В плотно зарешеченное окно комнаты посетителей внезапно ворвался солнечный свет. Бабочка, привлеченная светом, ударилась о стекло, упала. Снова неуверенно поднялась только для того, чтобы повторить попытку.
— Счастлива? — Я презрительно фыркнул. — Ерунда! Она не может быть счастлива с женщиной!
— Поверь мне, она счастлива — возможно, первый раз в жизни. Ванессе больше не нужен мужчина. Что бы с нами ни случилось, Ванесса — единственная, кто оказался счастлив. А ты, Ричи?
— Я не могу жаловаться, — ответил я. — Со мной обращаются хорошо. Здесь очень приятные люди.
— А как твой судебный процесс?
— Точная дата еще не установлена, — ответил я. — Парадин решает этот вопрос. Я хорошо потрудился, записывая для него все, что произошло.
— Я знаю. Он рассказал мне.
— Весь этот беспорядок напоминает снежный ком. Может пройти несколько месяцев… Только предварительные слушания… Даже после того, как огласят приговор, я им буду нужен на других процессах как свидетель. До сих пор никто не уверен, что со мной произойдет. Против меня даже еще не выдвинуто обвинение.
— Тебе все зачтут, я уверен, — сказал Мински.

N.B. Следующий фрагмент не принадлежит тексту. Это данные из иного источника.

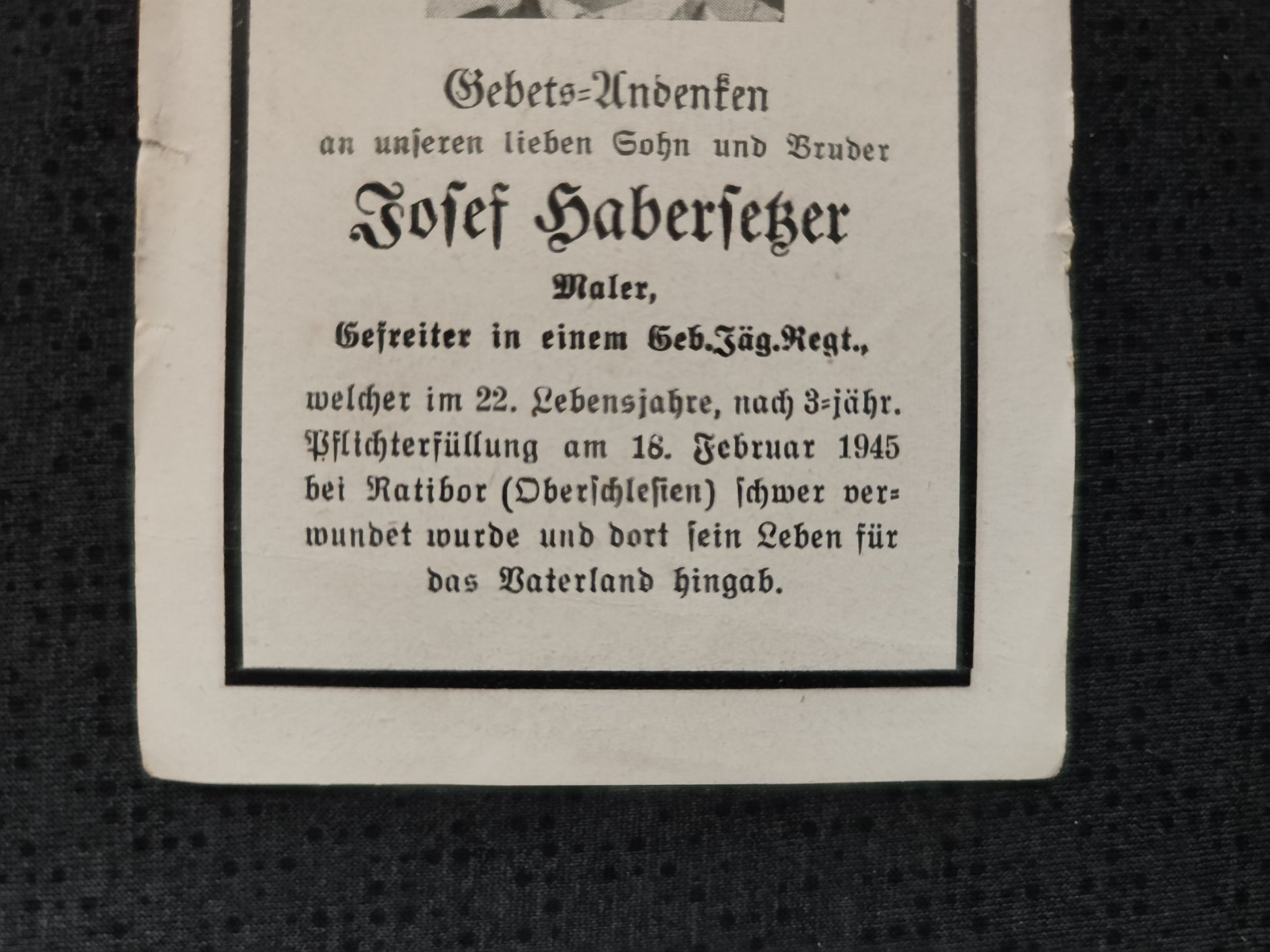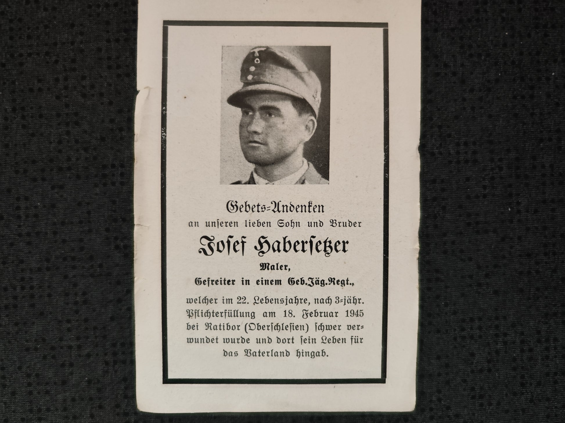 Sterbebild Gefreiter Freilassing Gebirgsjäger Regt. Endkampf Pawlau Ratibor Oberschlesien Polen

— Я тоже так считаю, — согласился я. — На следующей неделе я встречусь лицом к лицу с Лилиан.
— Парадин это мне тоже сказал, — сообщил Борис.
Лилиан, ожидая расследования, находилась под стражей во Франкфурте. Египетские власти выдали ее в марте. С ней ничего не произошло после той ночи, когда я оставил ее связанную в конюшне возле беговой дорожки на острове Гезира. Кроме того, она находилась в особом состоянии, вызванном употреблением наркотиков. За мной тогда следили. Они знали, где Лилиан. Тем не менее организация «Паук» сознательно оставила ее в покое. Казалось, что «Паук» удовлетворен убийством моего брата. Все это дело выглядело как еще один вечный треугольник.

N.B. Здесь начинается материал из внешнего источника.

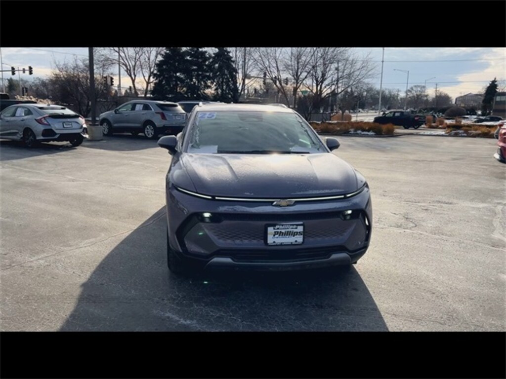 Low Miles, CarBravo Certified, Backup Camera, Remote Start, Pwr Dr Seat, Forward Collision Alert, Side Blind Zone Alert, Rear Cross Traffic Alert, Lane Departure Warning, Lane Change Alert, Lane Keep Assist, Heated Seats, Heated Steering Wheel, Power Liftgate, Apple CarPlay, Aluminum Wheels, Carfax Buyback Guarantee, Equinox EV LT, 4D Sport Utility, Electric Drive Unit, 1-Speed Automatic, FWD, Galaxy Gray Metallic, Black With Blue Accents Premium Synthetic, 19" Wheels, 4-Wheel Disc Brakes, 6-Speaker Audio System Feature, 6-Way Manual Front Passenger Seat Adjuster, 8-Way Power Driver Seat Adjuster, ABS brakes, Active Safety Package 2, Air Conditioning, AM/FM radio: SiriusXM with 360L, Ambient Multi-Color Interior Lighting, Auto High-beam Headlights, Automatic temperature control, Autosense Hands-Free Programmable Power Liftgate, Brake assist, Bright Roof Rails, Bumpers: body-color, Center Lit Bar Headlamps, Comfort Package, Compass, Convenience Package, Driver and Front Passenger Visors, Driver door bin, Dual front impact airbags, Dual front side impact airbags, Electronic Stability Control, Emergency communication system: OnStar and Chevrolet connected services capable, Enhanced Traffic Sign Recognition, Evotex Seat Trim, Four wheel independent suspension, Front anti-roll bar, Front Bucket Seats, Front Center Armrest, Front Passenger 4-Way Manual Seat Adjuster, Front reading lights, Fully automatic headlights, HD Surround Vision, Heated Automatic Steering Wheel, Heated Driver and Front Passenger Seats Cushion and Seatback, Heated Power-Adjustable Outside Mirrors, Hitch Guidance, Hitch View, Illuminated entry, Inside Rear-View Auto-Dimming Mirror, Knee airbag, Low tire pressure warning, Navigation system: Google built-in compatibility (select service plan required, terms and limitations apply), Occupant sensing airbag, Outside temperature display, Overhead airbag, Overhead console, Passenger door bin, Power door mirrors, Power Driver Lumbar Control, Power steering, Power Windows, Power windows, Preferred Equipment Group 2LT, Radio: 17.7" Diagonal Advanced Color LCD Display, Rear anti-roll bar, Rear Pedestrian Alert, Rear reading lights, Rear seat center armrest, Rear window defroster, Rear window wiper, Remote keyless entry, Round Bottom Wrapped Steering Wheel, Security system, SiriusXM with 360L Trial Subscription, Speed control, Split folding rear seat, Spoiler, Steering wheel mounted audio controls, Telescoping steering wheel, Tilt steering wheel, Traction control, Trip computer, Turn signal indicator mirrors, Variably intermittent wipers, Wireless Phone Charging. 2025 Chevrolet Equinox EV Galaxy Gray Metallic LT 4D Sport Utility FWD 1-Speed Automatic Electric Drive Unit

Я хотел знать, на что рассчитывала Лилиан. Я плохо спал, ожидая встречи с ней. Мне было интересно, как она выглядит, что она скажет, как относится ко мне. Возможно, я обвинил ее несправедливо. Возможно, мой брат не рассказал ей всей правды в Каире. Возможно, она не знала, что Вернер готовился убить меня. Так много смягчающих обстоятельств, которые могли бы оправдать ее. Так много обстоятельств.
— Ой вэй! — сказал Мински.
— Что ты сказал?
— То, как ты выглядишь, когда думаешь о Лилиан.
Я молчал.
— Знаешь, у тебя есть все основания страшно ненавидеть эту женщину.

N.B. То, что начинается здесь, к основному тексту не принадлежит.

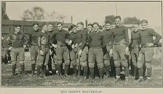 Several key players from the 1921 team were lost to graduation. These included halfback Eddie Usher, who played for the Green Bay Packers in 1922, and fullback Frank Steketee, who had been a first-team All-American as a freshman in 1918. Despite the loss of Usher and Steketee, the 1922 backfield was promising with Irwin Uteritz, Harry Kipke, Franklin Cappon, and Doug Roby all returning from the 1921 team. Michigan's biggest weakness going into the 1922 season was the center of its line. All-American center Ernie Vick graduated and joined the St. Louis Cardinals baseball team in June 1922.[3] Also gone were starting right guard, Hugh Wilson, and starting left guard, "Duke" Dunne.[4] The 1923 Michiganensian summed up the challenges facing the 1922 team, "When the football season of 1922 opened, Coach Yost was confronted with two big problems, to build a line strong enough to withstand the onslaught of opposing backs and to beat Ohio State."[5]

— Да, — сказал я. — Я также знаю, что всегда буду любить ее. Всегда. До смерти.
Мински что-то пробормотал. В мою сторону он не смотрел.
— А какие у нас были планы, не так ли? — Мински пожал плечами.
— Конечно, были, — продолжил я. — Ты все приготовил так тщательно, все рассчитал.
— Рассчитал… — повторил Борис, на губах появилась грустная улыбка. — Рассчитал… Слава Богу, что я просчитался!
Солнце проникало в комнату, и маленькая бабочка все еще билась об оконное стекло. Она падала оглушенная, но тем не менее продолжала свои тщетные попытки вырваться на волю.
«В конце концов, — подумал я, — она останется на подоконнике и умрет».
Мински сказал, что так и будет.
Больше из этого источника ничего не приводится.